Alaska wildlife policy change 

violates ‘fair chase’ hunting ethic


By Paul Vang


    In 1887, a then-future president of the United States, Theodore Roosevelt, with the support of conservationists, such as George Bird Grinnell and Gifford Pinchot, founded the Boone and Crockett Club.  One of the founding principles was to advocate for common-sense, science-based natural resource management.

    “It is the mission of the Boone and Crockett Club to promote the conservation and management of wildlife, especially big game, and its habitat, to preserve and encourage hunting and to maintain the highest ethical standards of fair chase and sportsmanship in North America.” This statement is adapted from the incorporation of the Boone and Crockett club as presented by Theodore Roosevelt, Charles Sheldon, Kermit Roosevelt, George Bird Grinell, et al.
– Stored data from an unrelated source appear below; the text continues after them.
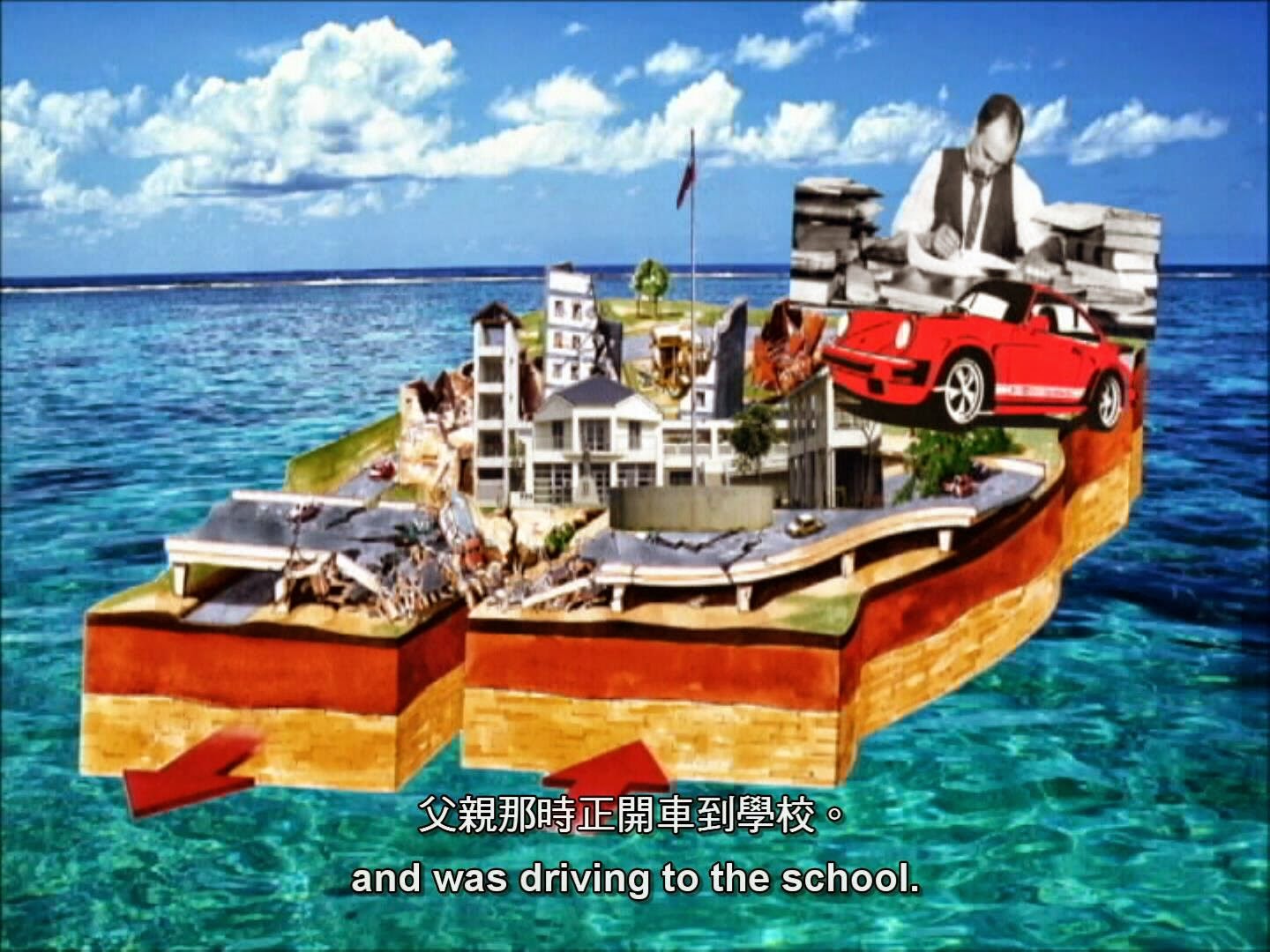我將文本拆解,將信中的關鍵詞利用Google搜尋出對應的圖片,再將每個搜尋後選出的圖片製成元件,編排成一部不同原文本敘事的影片,同時用Google翻譯器的朗讀功能將信語音化。試圖使觀者在看到影片時透過電子口述(一封描述災難現場的情境書寫)與影像(經由關鍵字對位的隨機圖像),在聽覺與視覺的即時理解產生對事件的想像空間。
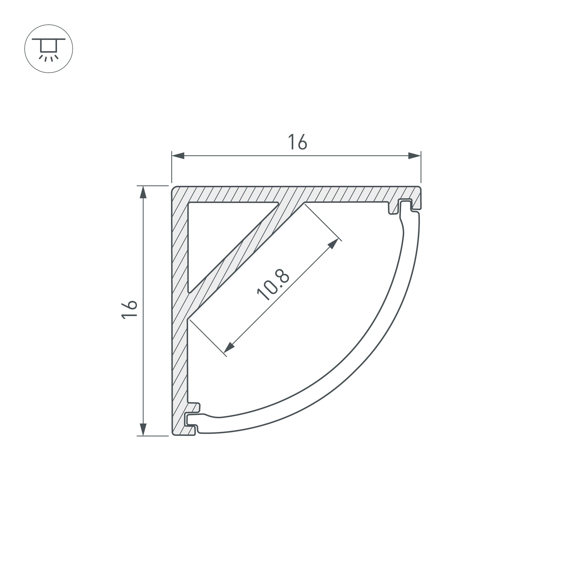 Алюминиевый анодированный угловой профиль для светодиодных лент и линеек. Габаритные размеры (L×W×H): 2000x16x16 мм. Ширина площадки для ленты 10 мм.
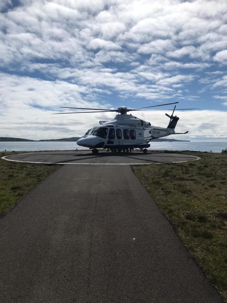 Ca. 2 km fra færgehavnen i Torshavn ligger heliporten, som styres af Atlantic Airways. De flyver til 10 byer og biletter bestilles hos http://www.atlanticairways.com. Man skal være ved pladsen senest 20 min før afgang og bagagen må ikke være for tung. Vi fløj til Klaksvik på 11 min og en enkeltbillet kostede 215 kr. og 107,50 kr. for pensionister. Det var min første helikoptertur og hvilken oplevelse! Man får øje på rigtig mange detaljer og det er lige ved at man kan se antallet af laks i de mange lakseruser. Turen hjem fra Klaksvik var med bussen, og denne rute kan varmt anbefales. En flot tur langs havet og igennem mange små bygder. Billetten koster 90 kr og igen er der halv pris for pensionister. Helikopteren lander i Klaksvik oppe over byen og det er en smuk udsigt, man får ned til byen. Klaksvik er den næststørste by med 5.000 indbyggere og er centrum for fiskeindustrien på Færøerne.
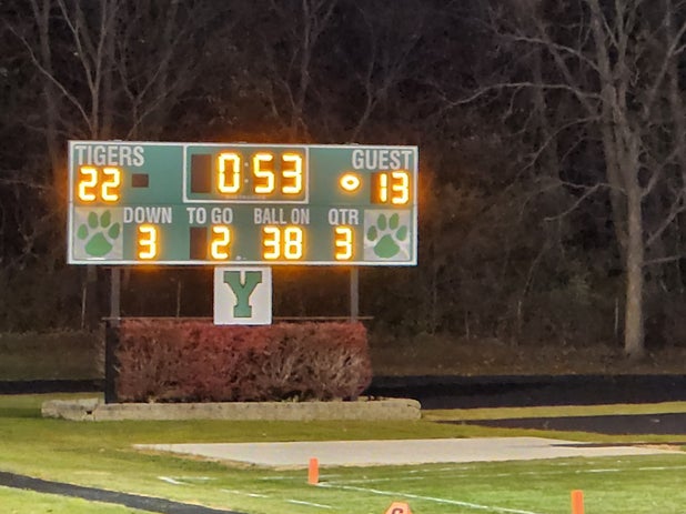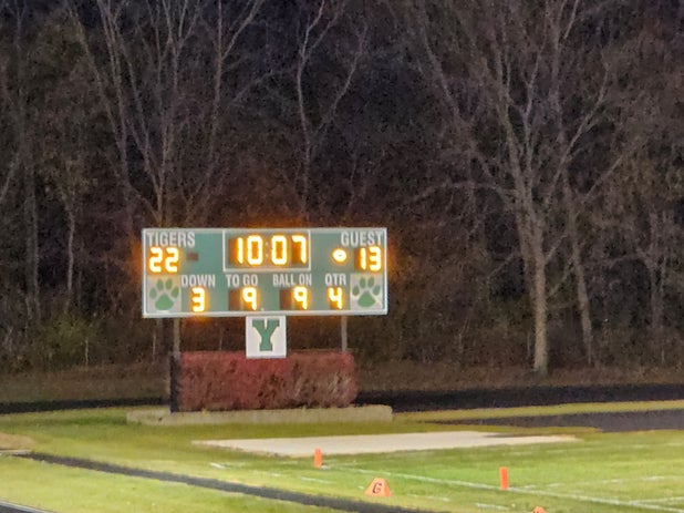 October 28, 2022: Yorktown, IN 47396 In Friday's non-league game, the Yorktown Tigers (Yorktown, IN) football team knocked off the visiting Garrett Railroaders (Garrett, IN), by a score of 22-13.
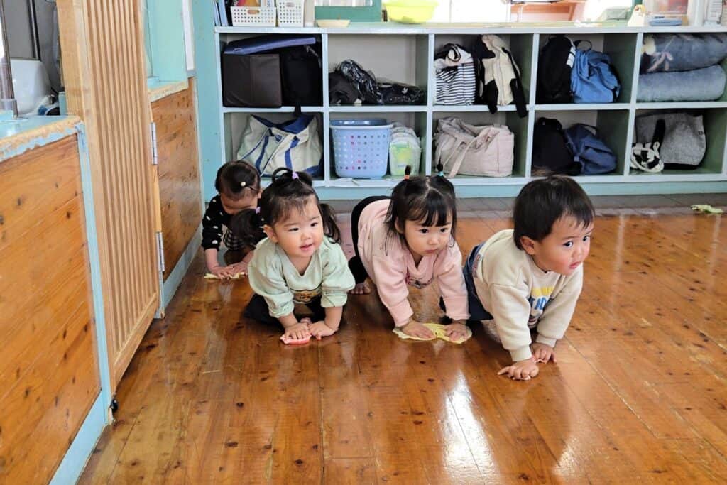 今日は、みんなでお部屋の大掃除をしました🧹 ひとり1枚ずつ、雑巾を渡して、まず初めにいつも使っている椅子を 保育者のお手本を見ながら、ふきふきしました🎶 椅子の後は、「モーモー」(ハイハイ)しながら床の雑巾がけをしました😊... -

    Note the words, “fair chase,” in that statement. The modern day Boone and Crockett Club, now based in Missoula, Montana, defines fair chase as a hierarchy of ethics related to hunting. These include:

    1. Obey all applicable laws and regulations.

    2. Respect the customs of the locale where the hunting occurs.

    3. Exercise a personal code of behavior that reflects favorably on your abilities and sensibilities as a hunter.

    4. Attain and maintain the skills necessary to make the kill as certain and quick as possible.

    5. Behave in a way that will bring no dishonor to either the hunter, the hunted, or the environment. (emphasis added)

    6. Recognize that these tenets are intended to enhance the hunter’s experience of the relationship between hunter and prey, which is one of the most fundamental relationships of humans and their environment.

    While many of us associate the Boone and Crockett Club with their records of big game trophies, we need to remember why the organization came into being and their long-standing advocacy of fair chase hunting.

Another Montana-based organization that advocates for ethical hunting is Orion – the Hunter’s Institute, founded by Jim Posewitz, who literally wrote the book on ethical hunting, “Beyond Fair Chase.”

    This, I confess, is a long introduction to my thoughts on a recent Trump Administration action, through a National Park Service policy statement that reverses previous Obama Administration rules on hunting on federal preserves in Alaska.

    Effective July 9, the new rules provide that hunting on National Reserves in Alaska will be controlled by the state, which allows baiting of brown and black bears, hunting of denning black bears with artificial light, killing of denning wolves and coyotes, hunting of swimming caribou and hunting of caribou from motorboats.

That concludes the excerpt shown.